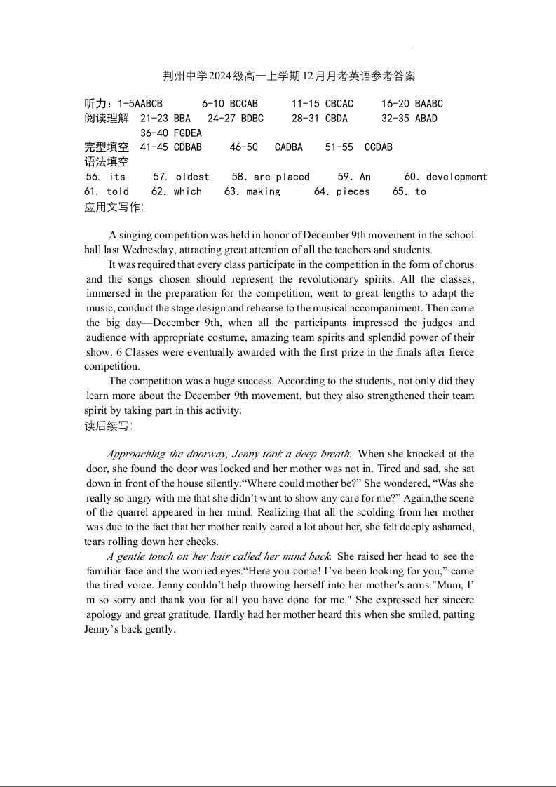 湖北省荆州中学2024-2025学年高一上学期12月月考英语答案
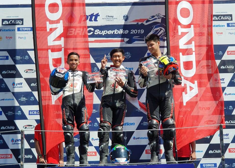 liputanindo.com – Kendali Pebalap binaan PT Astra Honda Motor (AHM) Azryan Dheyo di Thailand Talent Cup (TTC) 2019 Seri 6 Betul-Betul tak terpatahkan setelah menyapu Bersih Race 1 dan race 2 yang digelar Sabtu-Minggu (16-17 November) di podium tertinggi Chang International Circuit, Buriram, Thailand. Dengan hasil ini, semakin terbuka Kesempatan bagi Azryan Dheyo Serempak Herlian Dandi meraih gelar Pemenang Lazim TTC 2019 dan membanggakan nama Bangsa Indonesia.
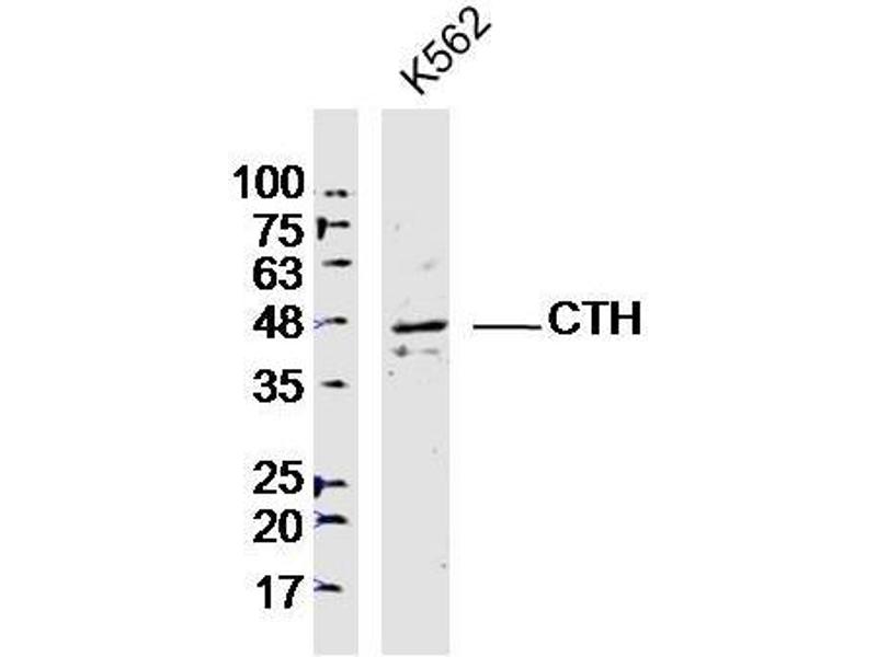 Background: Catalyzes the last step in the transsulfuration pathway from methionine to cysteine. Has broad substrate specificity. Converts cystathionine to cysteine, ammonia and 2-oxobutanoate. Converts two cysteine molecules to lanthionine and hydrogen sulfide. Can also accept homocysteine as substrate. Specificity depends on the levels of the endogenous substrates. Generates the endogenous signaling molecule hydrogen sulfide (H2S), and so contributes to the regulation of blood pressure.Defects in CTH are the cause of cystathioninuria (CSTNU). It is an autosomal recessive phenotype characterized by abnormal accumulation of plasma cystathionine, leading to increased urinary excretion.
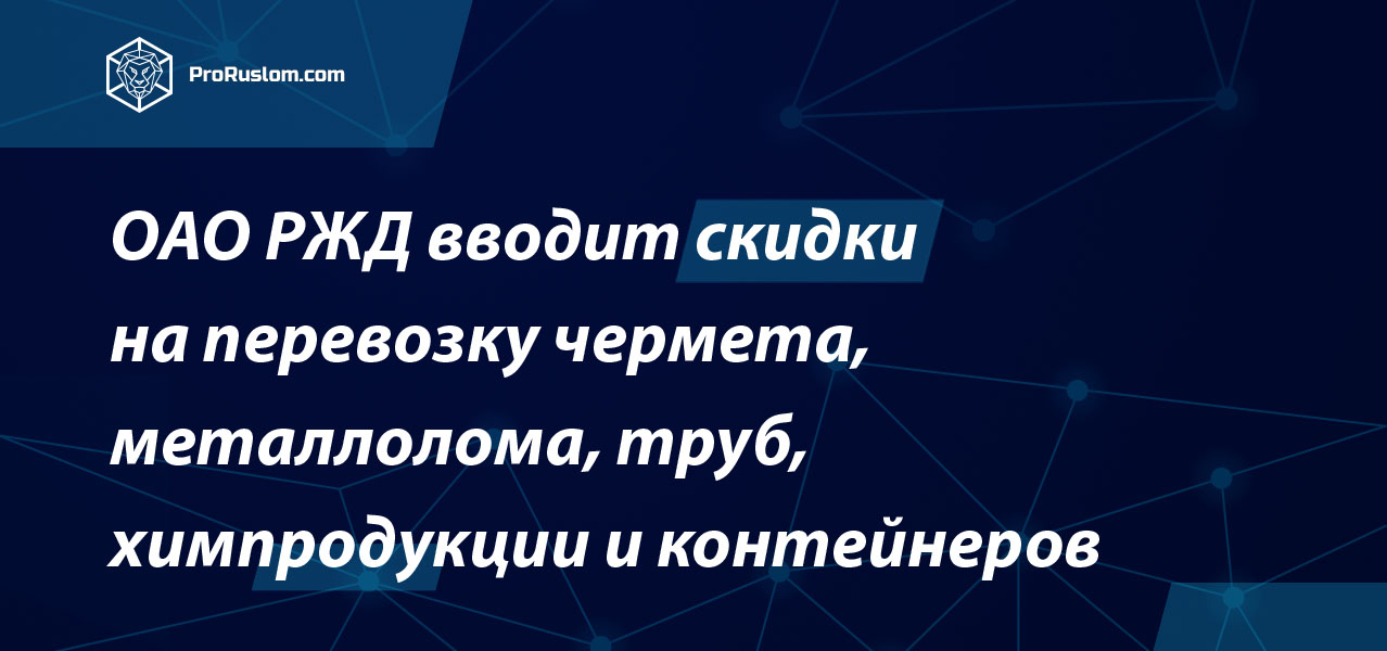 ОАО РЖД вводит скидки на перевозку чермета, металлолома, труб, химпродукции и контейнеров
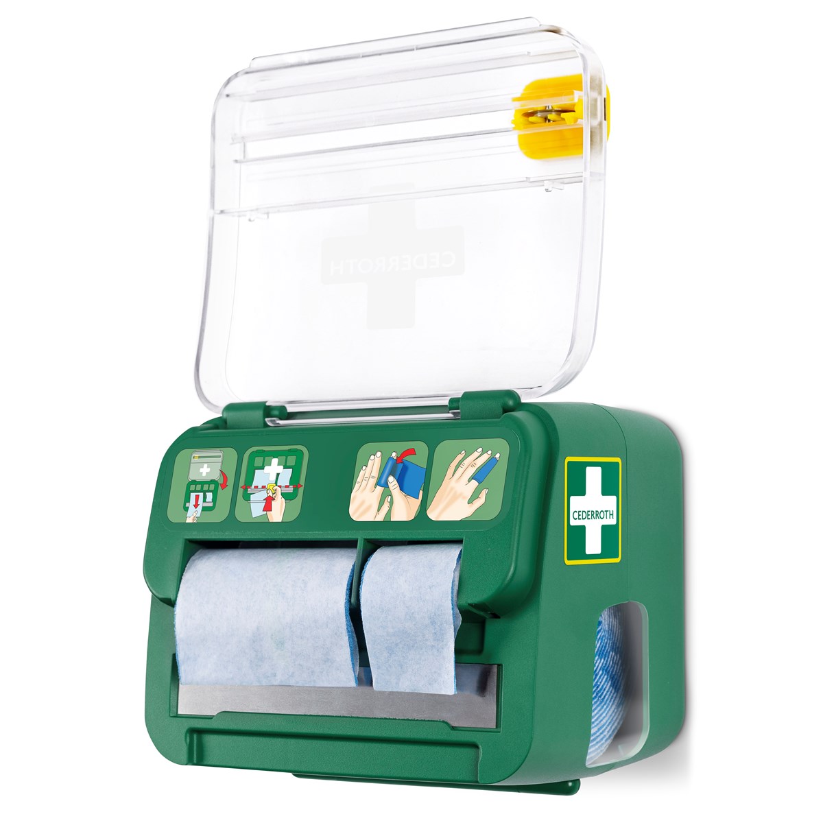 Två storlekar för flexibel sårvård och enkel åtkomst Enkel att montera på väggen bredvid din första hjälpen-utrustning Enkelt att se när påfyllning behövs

--------------------

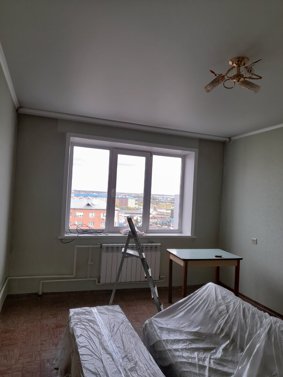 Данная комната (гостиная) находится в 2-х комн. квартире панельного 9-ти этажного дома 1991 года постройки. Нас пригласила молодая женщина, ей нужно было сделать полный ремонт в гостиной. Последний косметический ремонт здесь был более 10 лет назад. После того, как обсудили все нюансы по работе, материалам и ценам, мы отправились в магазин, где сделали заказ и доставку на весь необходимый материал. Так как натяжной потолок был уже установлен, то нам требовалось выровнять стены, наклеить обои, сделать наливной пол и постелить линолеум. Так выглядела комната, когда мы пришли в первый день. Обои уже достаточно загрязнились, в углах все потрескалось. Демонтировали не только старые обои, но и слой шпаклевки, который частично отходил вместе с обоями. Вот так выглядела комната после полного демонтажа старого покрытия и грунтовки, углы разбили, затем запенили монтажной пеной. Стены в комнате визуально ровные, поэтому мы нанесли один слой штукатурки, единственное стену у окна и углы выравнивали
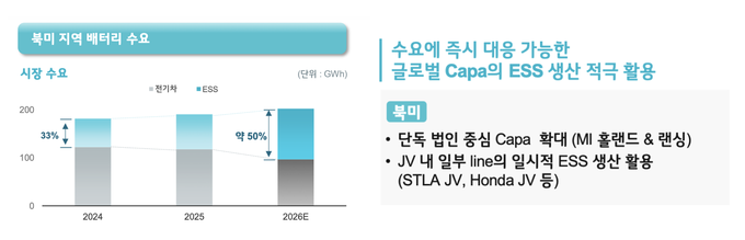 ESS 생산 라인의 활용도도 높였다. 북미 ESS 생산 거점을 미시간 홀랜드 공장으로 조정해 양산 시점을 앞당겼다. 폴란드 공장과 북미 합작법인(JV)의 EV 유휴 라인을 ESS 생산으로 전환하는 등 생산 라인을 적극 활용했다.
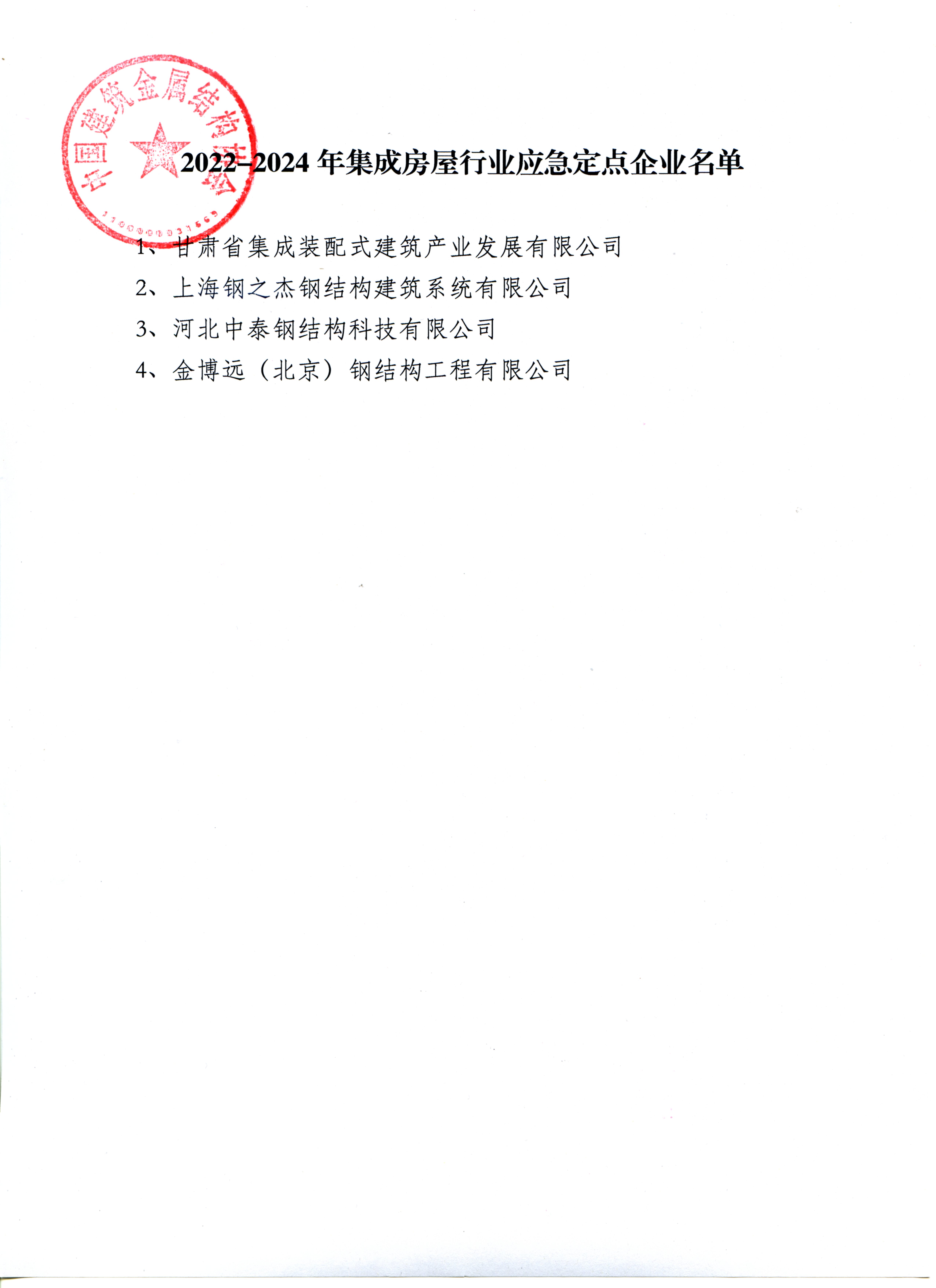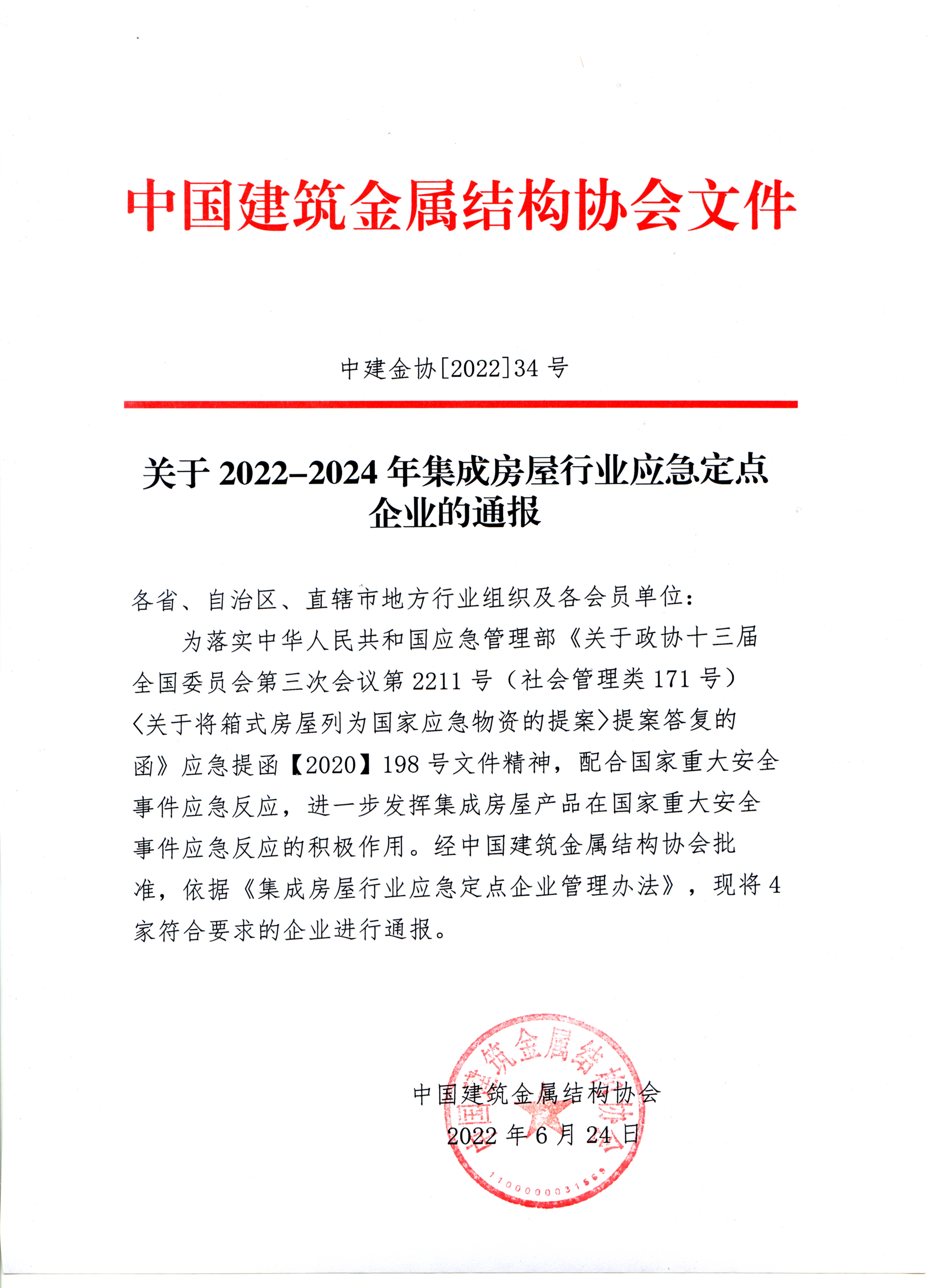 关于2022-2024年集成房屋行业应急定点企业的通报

--------------------

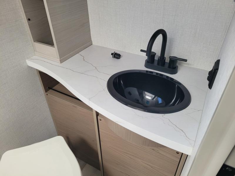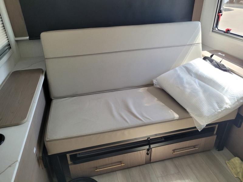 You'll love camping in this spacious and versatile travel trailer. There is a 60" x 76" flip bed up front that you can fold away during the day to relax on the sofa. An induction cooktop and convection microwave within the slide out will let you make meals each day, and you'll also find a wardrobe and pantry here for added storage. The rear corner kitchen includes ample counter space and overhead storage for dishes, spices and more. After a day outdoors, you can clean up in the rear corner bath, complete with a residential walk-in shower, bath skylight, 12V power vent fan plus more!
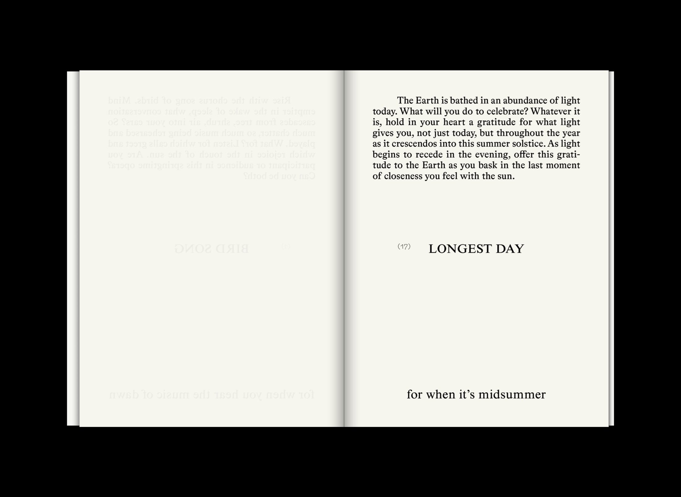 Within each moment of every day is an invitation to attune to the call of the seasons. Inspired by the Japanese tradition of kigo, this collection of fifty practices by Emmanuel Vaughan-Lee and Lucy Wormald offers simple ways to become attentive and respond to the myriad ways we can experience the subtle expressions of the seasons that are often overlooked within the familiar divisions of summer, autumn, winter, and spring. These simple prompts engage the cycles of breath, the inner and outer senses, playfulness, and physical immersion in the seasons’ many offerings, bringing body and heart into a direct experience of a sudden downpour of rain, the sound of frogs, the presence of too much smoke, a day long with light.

--------------------

* _WORK INSTRUCTIONS_:
Leave the pictures out. Output, exactly, the lines of the material above starting at the line containing "湖北省荆州中学2024-2025学年高一上学期12月月考英语答案" and ending at the line containing "Två storlekar för".

* _TASK RESULT_:
 湖北省荆州中学2024-2025学年高一上学期12月月考英语答案
 liputanindo.com – Kendali Pebalap binaan PT Astra Honda Motor (AHM) Azryan Dheyo di Thailand Talent Cup (TTC) 2019 Seri 6 Betul-Betul tak terpatahkan setelah menyapu Bersih Race 1 dan race 2 yang digelar Sabtu-Minggu (16-17 November) di podium tertinggi Chang International Circuit, Buriram, Thailand. Dengan hasil ini, semakin terbuka Kesempatan bagi Azryan Dheyo Serempak Herlian Dandi meraih gelar Pemenang Lazim TTC 2019 dan membanggakan nama Bangsa Indonesia.
 Background: Catalyzes the last step in the transsulfuration pathway from methionine to cysteine. Has broad substrate specificity. Converts cystathionine to cysteine, ammonia and 2-oxobutanoate. Converts two cysteine molecules to lanthionine and hydrogen sulfide. Can also accept homocysteine as substrate. Specificity depends on the levels of the endogenous substrates. Generates the endogenous signaling molecule hydrogen sulfide (H2S), and so contributes to the regulation of blood pressure.Defects in CTH are the cause of cystathioninuria (CSTNU). It is an autosomal recessive phenotype characterized by abnormal accumulation of plasma cystathionine, leading to increased urinary excretion.
 ОАО РЖД вводит скидки на перевозку чермета, металлолома, труб, химпродукции и контейнеров
 Två storlekar för flexibel sårvård och enkel åtkomst Enkel att montera på väggen bredvid din första hjälpen-utrustning Enkelt att se när påfyllning behövs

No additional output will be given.